Las cofradías y la Semana Santa pueden ser objeto de amores y odios apasionados. Entre sus amantes, no siempre están los creyentes. Hay quienes aman a las cofradías desde el ateísmo. Como también hay muchos creyentes, incluso curas y obispos, que las aborrecen. Amar y despreciar a las cofradías no necesariamente tiene que ser cosa de creyentes o no creyentes.
Sin embargo, entre estas dos posiciones antagónicas, pero claras, hay sectores que, por su tibieza, causan cierta irritación, cierto sonrojo a medio camino entre el humor, la piedad, y el esperpento. Pretenden aprovecharse de las cofradías, poniéndole una vela a la Virgen de los Dolores y otra al ideario del partido.
En política, hay gestores que, clarísimamente, tienen entre sus objetivos arrinconar todo lo que se refiera a la religión y devolverla a las catacumbas. Sin embargo, si huelen que revestirse de cofrade les da votos, no dudan en coger la vara y caminar pintureros junto al estandarte de turno.

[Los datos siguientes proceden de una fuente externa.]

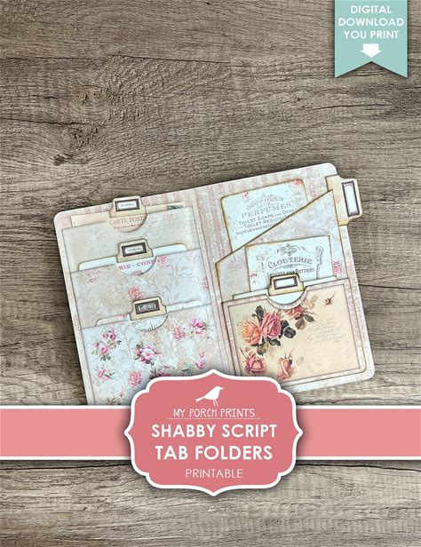 Tab Folders, Shabby Script, Junk Journal, Vintage, Folder, Pockets, Ephemera, My Porch Prints, Insert, Digital Kit, Download, Printable

Pero mientras que con una mano sostienen su metal cincelado, rematado casi siempre por una cruz, con la otra votan (o apoyan a quienes han votado) a favor de retirar los crucifijos de las escuelas, a los capellanes de los hospitales, la cultura religiosa de la educación, los belenes y villancicos de los centros docentes, la idea de Navidad de las felicitaciones, la vida a los fetos… (a los humanos, por supuesto; a los del lince ni pensarlo)…
No es estético, ni parece coherente, alentar acciones hostiles hacia la raíz que sustenta a la Semana Santa: la cruz y su polisemia, y a la vez, poniendo cara de devoto, pedirle a los cofrades el voto.